Here's the thing...I used to be ultra scared of Pirates too. The reason I was scared was because of a false memory. I thought the drops were perfectly verticle. Hey, I was young, it was dark, my perspective was way off. Even at age 11 I was too scared for it until I was "forced" to go on it. I sure was glad they forced me. :)
But while trying to persuade, do not belittle the child. Don't make him feel bad for not doing it. Just try other methods. We finally got my son to ride it by telling him we'd buy him some jewels from the Pirate store of he is brave and goes on it with us. He's no longer afraid of it, but still talks about the drops, always reassuring himself that it's not that scary. "There's 2 of them. The first one is dark. The second is a little light."
My daughter, however, is not good at being forced onto things. If we make her ride a ride she is scared of then she'll still be scared of it afterwards and will also not ride anything else for the rest of the day. She has overcome most of her fears by herself though and even rode Thunder Mountain last month (under her own free-will and choice) and loved it.

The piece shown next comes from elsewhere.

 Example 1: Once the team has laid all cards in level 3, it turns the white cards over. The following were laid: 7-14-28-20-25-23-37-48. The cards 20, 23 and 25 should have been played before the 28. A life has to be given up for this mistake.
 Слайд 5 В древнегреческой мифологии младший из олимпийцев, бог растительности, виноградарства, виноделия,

She's 4 years old.
Sailor Butterfly 11-14-2002, 11:42 AM Well, as someone who is still a bit of a chicken, I want to yell at those of you who have made your kids go on something that they didn't want to- but I won't. Instead, I'll give you the reasons why I've balked at many rides as a child.

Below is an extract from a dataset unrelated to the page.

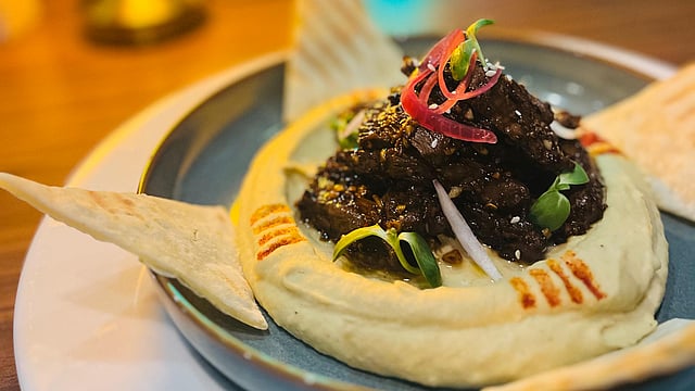 Earth & Flame sounds like the name of a song or a book, not a dish. Here, braised beef slices, marinated with salt, pepper, soya sauce, and other spices, are served with creamy hummus. There are a few pita slices also on the side. The interesting combination allowed the taste buds to celebrate. The mildly sweet beef slices were perfectly complemented by the subtlety of hummus.

For example, Big Thunder Mtn: I had read in the Disneyland Today brochure that it was really fast. "The fastest ride in the west!" I think is the slogan. I'm not a big roller coaster fan as it is, but as a 13 yr. old that made me more averse to riding it. It wasn't till we were in line and I could see just how fast it was and some of the layout, that I relaxed a bit. It is now my favorite ride in the park.

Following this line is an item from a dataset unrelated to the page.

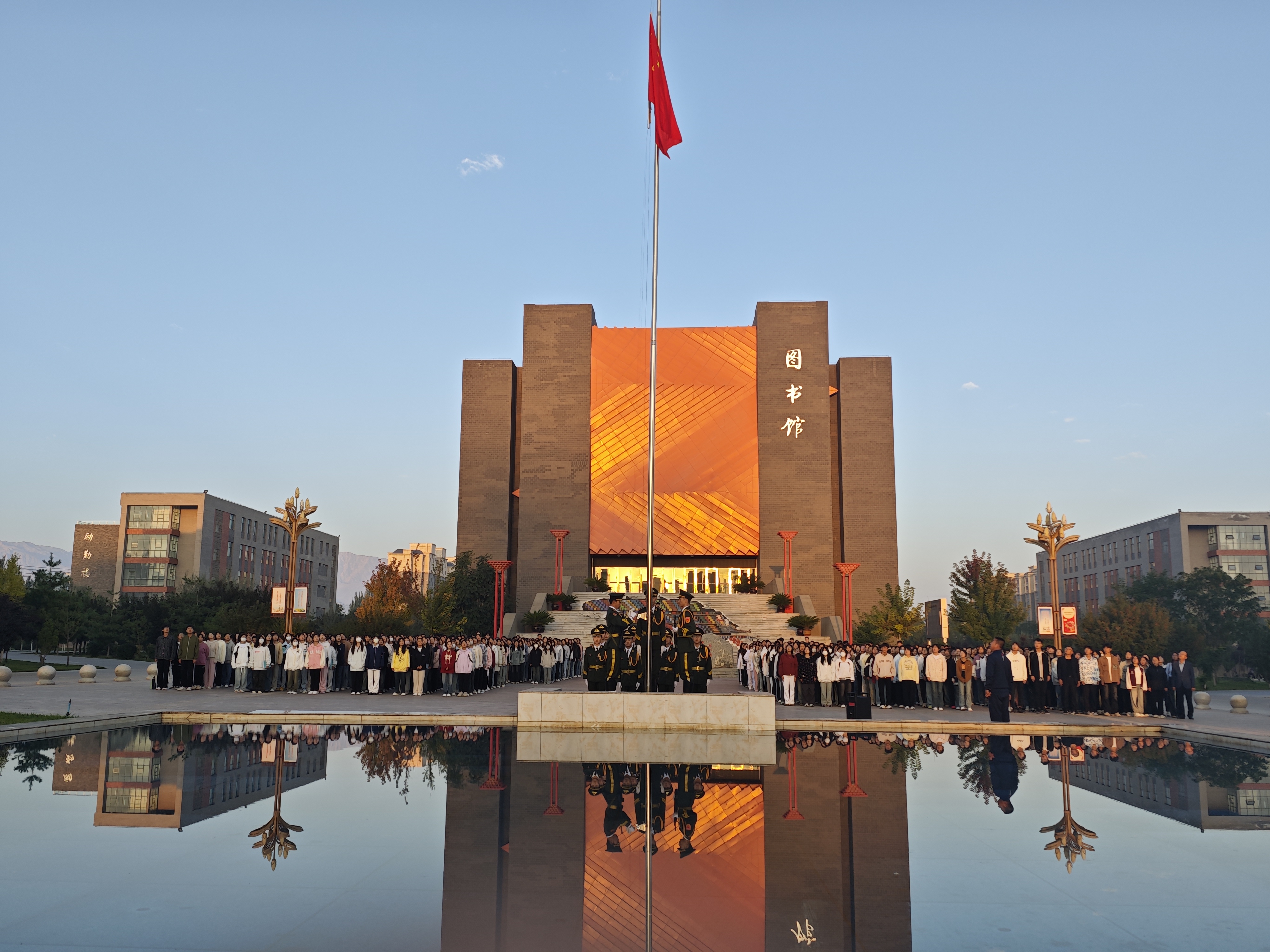 七點(diǎn)十五分,升國旗儀式正式開始。在全體師生的注視下,國旗護(hù)衛(wèi)隊(duì)邁著整齊的步伐護(hù)送五星紅旗進(jìn)場,伴隨著莊嚴(yán)的《義勇軍進(jìn)行曲》,五星紅旗冉冉升起。全體師生肅穆而立,行注目禮,齊唱國歌。

It's not knowing what's going to happen, or too much darkness, or things jumping up at you that have always frightened me- and they still do. There are rides that I was forced on that I now enjoy, and there are rides that I'm still angry about being forced on. It wasn't till I started going on the net that I actually felt that I wouldn't mind going on the Matterhorn. Why? Because I saw the walkthrough of the ride and when I found out that the abominable snowman doesn't jump out at you I felt more at ease. My only knowledge of POTC was from the Singalong video. I was really nervous about the cannonballs that "fly" over your head. But when I went on it with my family when I was 13, I found that my fears were really silly. The only thing I hated was the two drops, but now that I know about them it doesn't bother me as much. I hate log flume rides and I have a fear of heights, and after being dragged on Splash Mtn. I still don't want to ride it.
I really think that video taping the rides and looking at ride walkthroughs on the net, are a great way to help a child overcome some fears. Give him time and I'm sure that he'll want to do more rides. :)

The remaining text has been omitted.